Un vent nouveau souffle sur les Cannes Lions en 2018, c’est une certitude. Reste à savoir s’il s’agit d’un alizé passager ou d’un mistral puissant. Confrontés à une situation inédite cette année avec le moratoire décrété par le groupe Publicis, les organisateurs de l’événement ont décidé de revoir leur copie en profondeur. De quoi alimenter la thèse d’une année de transition, avant le retour aux affaires annoncé en 2019 du groupe dirigé par Arthur Sadoun - troisième contributeur de l’événement à hauteur de près de 20 millions d’euros annuels selon Les Echos. Du rififi en coulisses qui n’empêche pas l’émergence durable de certaines tendances. Tour d’horizon avec cinq d’entre elles, préfigurant plus une ère nouvelle que des penchants circonstanciels.

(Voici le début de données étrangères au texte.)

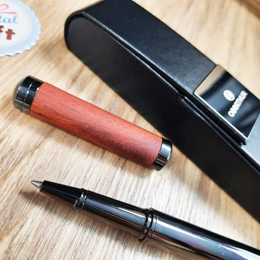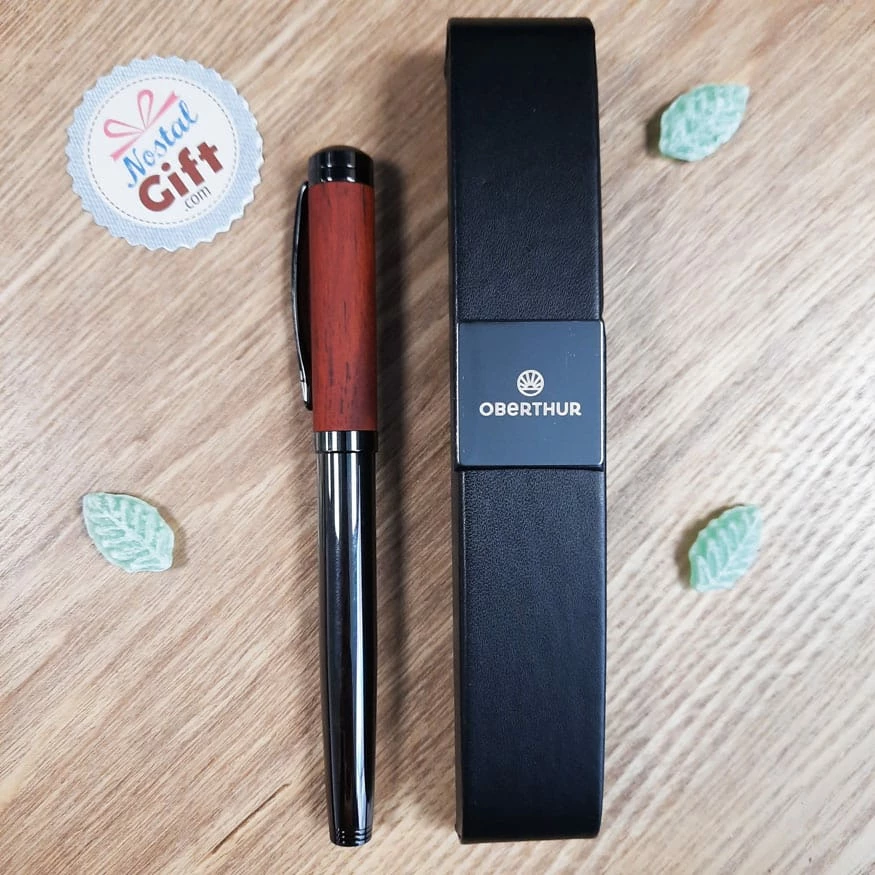 Stylo Roller Tandem en bois de rose/gun et son étui – Oberthur

Une formule new look pas si expérimentale
Sommée de se réinventer en raison des dérives financières notées ces dernières années et de la grogne de contributeurs majeurs, la grand-messe annuelle de la publicité a chamboulé son modèle cette année. À commencer par sa durée, réduite d’une semaine à cinq jours. Autre modification d’envergure, l’architecture des récompenses, repensée par souci de simplification. Plutôt que de placer les récompenses sous la bannière unique des Cannes Lions, décision a été prise de s’appuyer sur un nouvel ensemble de catégories fixes dénommées « tracks » (Reach, Communications, Craft, Experience, Innovation, Impact et Good), autour duquel s’articulent les 28 Lions. Trois d’entre eux (Cyber, Integrated et Promo & Activation) disparaissent quand cinq font dans le même temps leur apparition (Creative eCommerce, Social & Influencer, Industry Craft, Sustainable Development Goals et Brand Experience). Dans la même veine, le nombre de sous-catégories est drastiquement réduit, en témoigne la suppression de 120 d’entre elles. À noter également, un système de notation largement révisé afin de valoriser les récompenses les plus prestigieuses. Si la présence en shortlist et le Bronze rapportent toujours 1 et 3 points, l’Argent vaut désormais 7 points (contre 5 auparavant), l’Or 15 points (contre 7 précédemment) et le Grand Prix 30 points (contre 10 jusque-là). Par ailleurs, les Lions Entertainment et les Lions Innovation se voient intégrés au festival principal. Et si le nombre total de travaux créatifs présentés est en forte baisse, passant de 41 170 à 32 372 en un an, la diversité devrait être au rendez-vous. Un paradoxe qui s’explique par les nouvelles règles, plus particulièrement la limitation du nombre de catégories auxquelles une réalisation peut être soumise. Illimitée les années précédentes, celle-ci est désormais fixée à six. À la clé, la garantie de voir un nombre supérieur de campagnes primées, une situation dont les agences entendent tirer profit. Mais aussi de quoi pérenniser - au moins pour partie - cette nouvelle formule.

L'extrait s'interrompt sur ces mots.